Now, let’s examine one other instance the place we filter our knowledge, however on this case, we wish to use the else
assertion. For instance, contemplate we have now a dictionary reporting some fruits and their costs. We wish to create a brand new dictionary the place costs increased than 10 are discounted by 10%. Here is how we are able to achieve this:
merchandise = {'apple': 1.0, 'banana': 5.0, 'orange': 15.0, 'pear': 10.0}
discounted_products = {fruit: worth * 0.9 if worth > 10 else worth for fruit, worth in merchandise.gadgets()}
print(discounted_products)
And we get:
{'apple': 1.0, 'banana': 5.0, 'orange': 13.5, 'pear': 10.0}
So, we have now utilized a ten% low cost to the worth of the orange (the one one with a worth increased than 10).
However we are able to do extra.
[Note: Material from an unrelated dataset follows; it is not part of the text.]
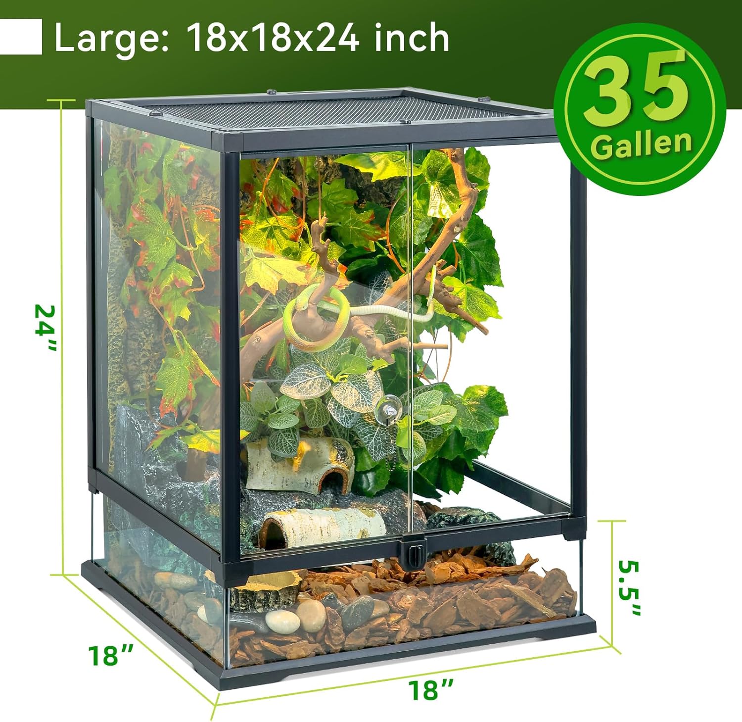 - 【Unobstructed Viewing】The leopard gecko tank is primarily made of glass, allowing for detailed and convenient observation of your pet's every adorable moment. This applies to any reptile tank, be it for a snake, gecko, or tree frog terrarium.

Suppose, for instance, that we have saved some fruits with their costs once more. We wish to extract the identify of a specific fruit and its worth. For example, think about I really like apples; so I wish to understand how a lot they value. That is what we might do:
merchandise = {'apple': 1.0, 'banana': 0.5, 'orange': 1.5, 'pear': 0.75}
my_fruit = 'apple'
my_product = {fruit: worth for fruit, worth in merchandise.gadgets() if fruit == my_fruit}
Now we are able to iterate over the brand new dictionary:
for fruit, worth in my_product.gadgets():
print(f"My favourite fruit is {fruit} and it prices {worth}")
And we get:
My favourite fruit is apple and it prices 1.0
Creating Lookup Tables
A lookup desk is an array that maps enter with output values. So, it in some way approximates a mathematical perform.
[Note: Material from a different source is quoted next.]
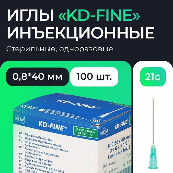 "description": "High-quality KD-Fine 21G (0.8x40mm) injection needles, manufactured in Germany, offer exceptional sharpness and durability for both human and animal applications.",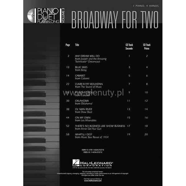 Piano Duet Play-Along Vol. 3: Broadway For Two (+ płyta CD) - nuty na fortepian na cztery ręce

Suppose we have now two dictionaries: one mapping names to emails and the opposite mapping names to cell phone numbers. We wish to create a lookup desk that maps the names to the telephone numbers. We are able to do it like so:
names_to_emails = {'Alice': '[email protected]', 'Bob': '[email protected]', 'Charlie': '[email protected]'}
emails_to_phones = {'[email protected]': '555-1234', '[email protected]': '555-5678', '[email protected]': '555-9012'}
names_to_phones = {identify: emails_to_phones[email] for identify, e mail in names_to_emails.gadgets()}
print(names_to_phones)
And we get:
{'Alice': '555-1234', 'Bob': '555-5678', 'Charlie': '555-9012'}
Creating Dictionaries from Pandas DataFrames
We are able to use dictionary comprehension to create dictionaries by retrieving knowledge from Pandas knowledge frames. For instance, contemplate we have now an information body containing columns with names, ages, nations, and salaries of some folks. We are able to create a dictionary with names and ages like so:
import pandas as pd
df = pd.DataFrame({
'Title': ['John', 'Jane', 'Bob', 'Alice'],
'Age': [25, 30, 42, 35],
'Nation': ['USA', 'Canada', 'Australia', 'UK'],
'Wage': [50000, 60000, 70000, 80000]
})
name_age_dict = {identify: age for identify, age in zip(df['Name'], df['Age'])}
print(name_age_dict)
And we get:
{'John': 25, 'Jane': 30, 'Bob': 42, 'Alice': 35}
Creating Dictionaries from Lists and Tuples
We are able to use dictionary comprehension to create dictionaries by retrieving knowledge from lists and tuples. For instance, if we wish to retrieve some knowledge from two lists, we are able to write the next code:
names = ['John', 'Jane', 'Bob', 'Alice']
ages = [25, 30, 42, 35]
name_age_dict = {identify: age for identify, age in zip(names, ages)}
print(name_age_dict)
And we get:
{'John': 25, 'Jane': 30, 'Bob': 42, 'Alice': 35}
Observe: The code can be the identical in case we would use tuples reasonably than lists.
Conclusions
On this article, we have seen how dictionary comprehension can assist us in a wide range of sensible conditions, making it straightforward to create new dictionaries by retrieving knowledge from totally different sources. The brevity of comprehension makes creating dictionaries a easy and quick course of.